**WHAT THE EXERCISE ASKS:** Find the line in the entries below that contains "À mesure que". Repeat it exactly, and every line after it through the line that contains "Pegatina Rectangular Calavera".

**DATA TO PROCESS:**
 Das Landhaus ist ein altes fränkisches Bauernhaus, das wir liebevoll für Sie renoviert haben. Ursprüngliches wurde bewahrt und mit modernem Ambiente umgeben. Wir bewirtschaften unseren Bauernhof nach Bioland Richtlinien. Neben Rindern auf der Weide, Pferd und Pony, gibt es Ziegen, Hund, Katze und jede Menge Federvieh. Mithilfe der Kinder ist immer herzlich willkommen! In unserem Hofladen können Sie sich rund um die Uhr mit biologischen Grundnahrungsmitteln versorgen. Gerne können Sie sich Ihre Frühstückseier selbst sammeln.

==

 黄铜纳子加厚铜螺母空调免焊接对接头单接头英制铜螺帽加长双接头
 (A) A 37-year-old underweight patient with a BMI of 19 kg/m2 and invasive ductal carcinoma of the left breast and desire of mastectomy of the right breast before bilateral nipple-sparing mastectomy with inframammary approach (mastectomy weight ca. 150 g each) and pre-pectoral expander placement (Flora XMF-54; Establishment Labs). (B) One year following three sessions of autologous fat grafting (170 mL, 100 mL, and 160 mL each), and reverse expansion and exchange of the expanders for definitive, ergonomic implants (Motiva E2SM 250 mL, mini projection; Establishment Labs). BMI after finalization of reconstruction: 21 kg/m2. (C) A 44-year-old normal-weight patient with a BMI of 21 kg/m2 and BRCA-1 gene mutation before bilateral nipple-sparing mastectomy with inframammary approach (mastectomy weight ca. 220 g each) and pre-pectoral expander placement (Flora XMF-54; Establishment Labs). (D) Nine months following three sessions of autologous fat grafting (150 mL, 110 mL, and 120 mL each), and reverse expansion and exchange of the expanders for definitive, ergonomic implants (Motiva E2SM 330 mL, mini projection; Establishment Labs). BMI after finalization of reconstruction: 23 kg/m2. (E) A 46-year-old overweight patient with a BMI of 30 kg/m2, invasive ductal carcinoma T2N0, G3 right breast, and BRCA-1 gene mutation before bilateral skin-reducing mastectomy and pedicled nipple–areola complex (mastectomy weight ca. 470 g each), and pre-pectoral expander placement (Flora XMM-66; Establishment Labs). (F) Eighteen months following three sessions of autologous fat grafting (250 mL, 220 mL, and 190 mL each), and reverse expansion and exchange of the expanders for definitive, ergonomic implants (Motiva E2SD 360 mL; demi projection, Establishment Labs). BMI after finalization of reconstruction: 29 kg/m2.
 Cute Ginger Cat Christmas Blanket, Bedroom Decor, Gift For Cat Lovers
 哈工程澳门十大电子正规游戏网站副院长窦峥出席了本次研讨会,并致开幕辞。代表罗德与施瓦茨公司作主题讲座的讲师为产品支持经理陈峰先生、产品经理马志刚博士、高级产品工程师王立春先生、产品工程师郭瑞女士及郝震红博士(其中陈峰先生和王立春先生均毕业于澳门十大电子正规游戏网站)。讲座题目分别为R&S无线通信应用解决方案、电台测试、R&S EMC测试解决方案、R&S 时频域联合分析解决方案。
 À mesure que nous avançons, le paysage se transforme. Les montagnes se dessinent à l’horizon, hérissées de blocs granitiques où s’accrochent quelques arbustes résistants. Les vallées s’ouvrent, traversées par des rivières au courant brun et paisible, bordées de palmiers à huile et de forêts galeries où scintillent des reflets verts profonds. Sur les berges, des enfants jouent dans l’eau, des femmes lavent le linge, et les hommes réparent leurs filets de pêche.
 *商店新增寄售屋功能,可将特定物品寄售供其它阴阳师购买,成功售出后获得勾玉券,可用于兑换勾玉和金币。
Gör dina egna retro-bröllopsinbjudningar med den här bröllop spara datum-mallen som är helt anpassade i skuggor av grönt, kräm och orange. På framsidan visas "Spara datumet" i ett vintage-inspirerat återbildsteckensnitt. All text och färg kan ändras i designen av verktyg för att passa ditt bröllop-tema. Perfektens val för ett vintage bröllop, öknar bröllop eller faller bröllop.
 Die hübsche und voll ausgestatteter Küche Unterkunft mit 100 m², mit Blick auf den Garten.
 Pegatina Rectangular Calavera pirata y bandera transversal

...

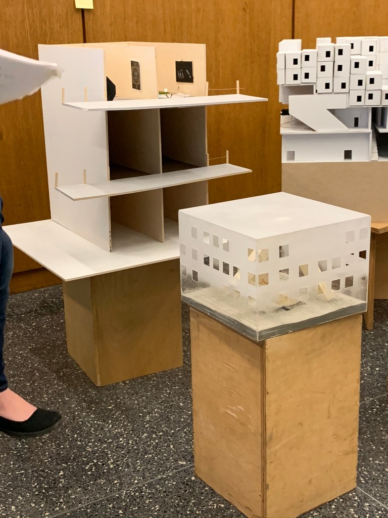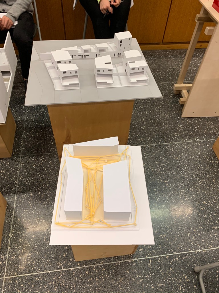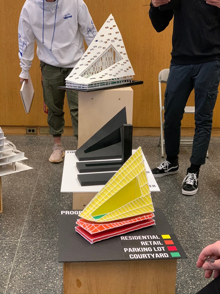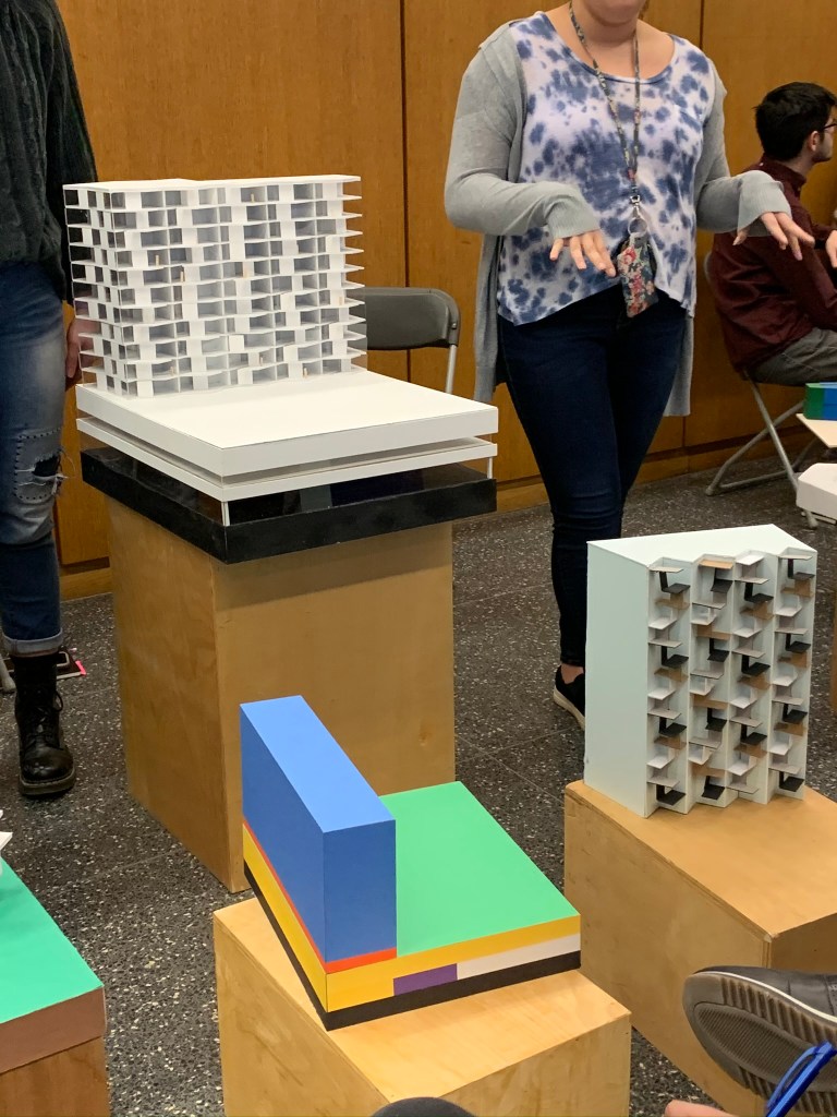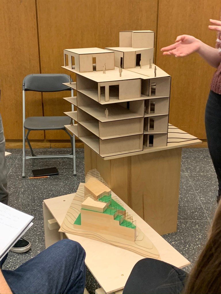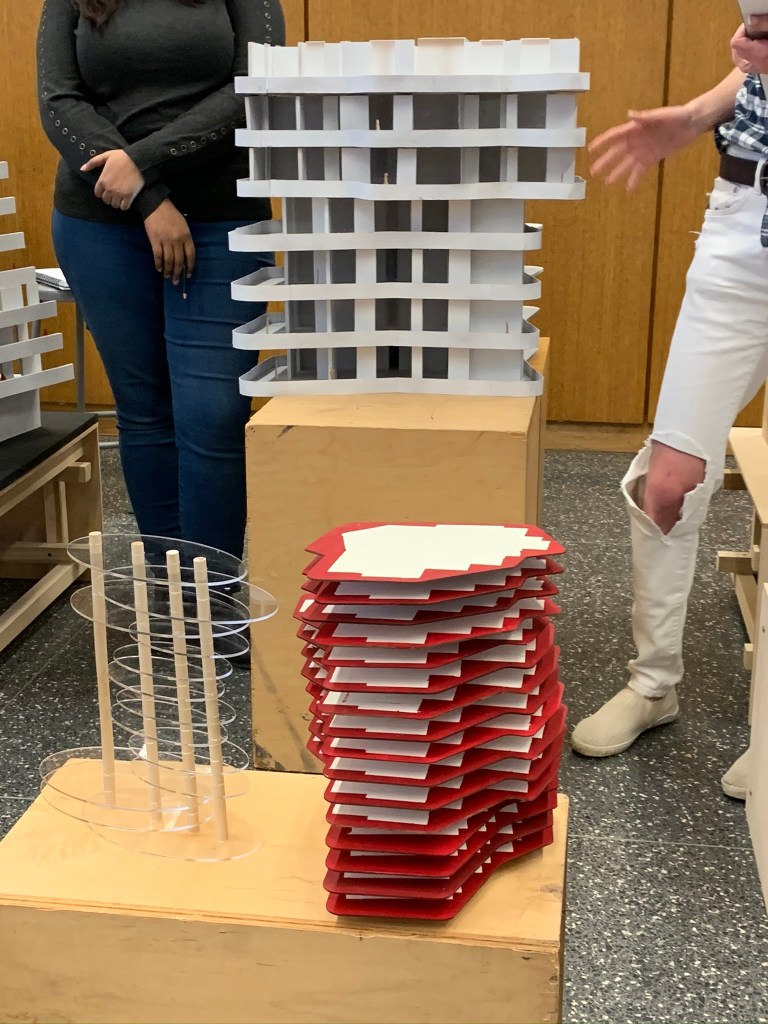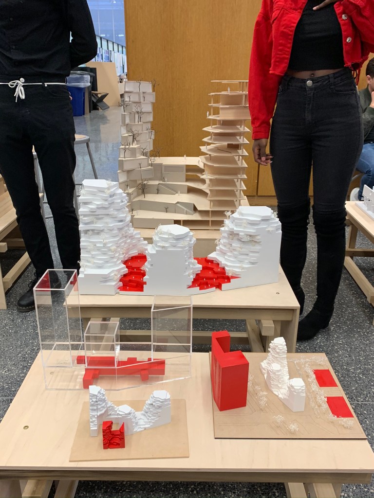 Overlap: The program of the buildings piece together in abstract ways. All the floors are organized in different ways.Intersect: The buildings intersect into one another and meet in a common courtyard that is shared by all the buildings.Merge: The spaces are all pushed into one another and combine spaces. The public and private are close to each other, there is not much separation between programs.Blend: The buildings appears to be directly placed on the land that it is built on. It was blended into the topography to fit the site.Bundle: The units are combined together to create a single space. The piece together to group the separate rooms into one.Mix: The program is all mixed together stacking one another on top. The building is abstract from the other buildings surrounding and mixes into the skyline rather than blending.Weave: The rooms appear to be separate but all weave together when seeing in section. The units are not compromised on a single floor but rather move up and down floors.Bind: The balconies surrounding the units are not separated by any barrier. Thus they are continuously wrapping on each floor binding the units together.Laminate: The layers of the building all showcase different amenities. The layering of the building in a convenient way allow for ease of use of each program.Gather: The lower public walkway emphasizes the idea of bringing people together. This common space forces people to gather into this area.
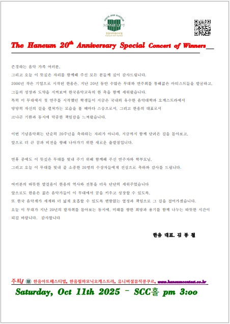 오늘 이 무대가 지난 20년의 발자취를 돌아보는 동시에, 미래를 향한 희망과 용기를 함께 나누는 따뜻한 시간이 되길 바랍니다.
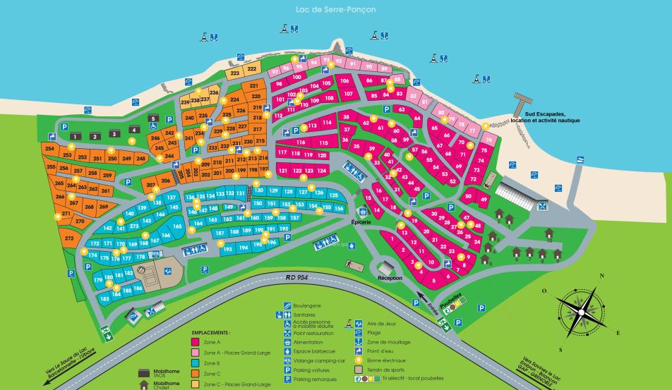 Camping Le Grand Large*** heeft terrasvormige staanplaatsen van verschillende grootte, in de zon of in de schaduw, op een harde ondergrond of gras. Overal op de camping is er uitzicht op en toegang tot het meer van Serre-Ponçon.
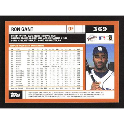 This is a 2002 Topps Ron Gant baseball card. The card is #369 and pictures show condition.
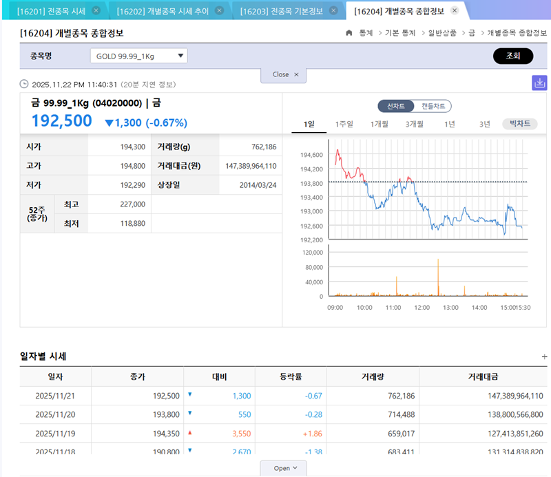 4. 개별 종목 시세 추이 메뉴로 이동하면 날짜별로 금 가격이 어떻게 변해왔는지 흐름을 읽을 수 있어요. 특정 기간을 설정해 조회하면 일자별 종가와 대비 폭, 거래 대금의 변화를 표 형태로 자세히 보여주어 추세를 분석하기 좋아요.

**ANSWER TO THE PROBLEM:**
 À mesure que nous avançons, le paysage se transforme. Les montagnes se dessinent à l’horizon, hérissées de blocs granitiques où s’accrochent quelques arbustes résistants. Les vallées s’ouvrent, traversées par des rivières au courant brun et paisible, bordées de palmiers à huile et de forêts galeries où scintillent des reflets verts profonds. Sur les berges, des enfants jouent dans l’eau, des femmes lavent le linge, et les hommes réparent leurs filets de pêche.
 *商店新增寄售屋功能,可将特定物品寄售供其它阴阳师购买,成功售出后获得勾玉券,可用于兑换勾玉和金币。
Gör dina egna retro-bröllopsinbjudningar med den här bröllop spara datum-mallen som är helt anpassade i skuggor av grönt, kräm och orange. På framsidan visas "Spara datumet" i ett vintage-inspirerat återbildsteckensnitt. All text och färg kan ändras i designen av verktyg för att passa ditt bröllop-tema. Perfektens val för ett vintage bröllop, öknar bröllop eller faller bröllop.
 Die hübsche und voll ausgestatteter Küche Unterkunft mit 100 m², mit Blick auf den Garten.
 Pegatina Rectangular Calavera pirata y bandera transversal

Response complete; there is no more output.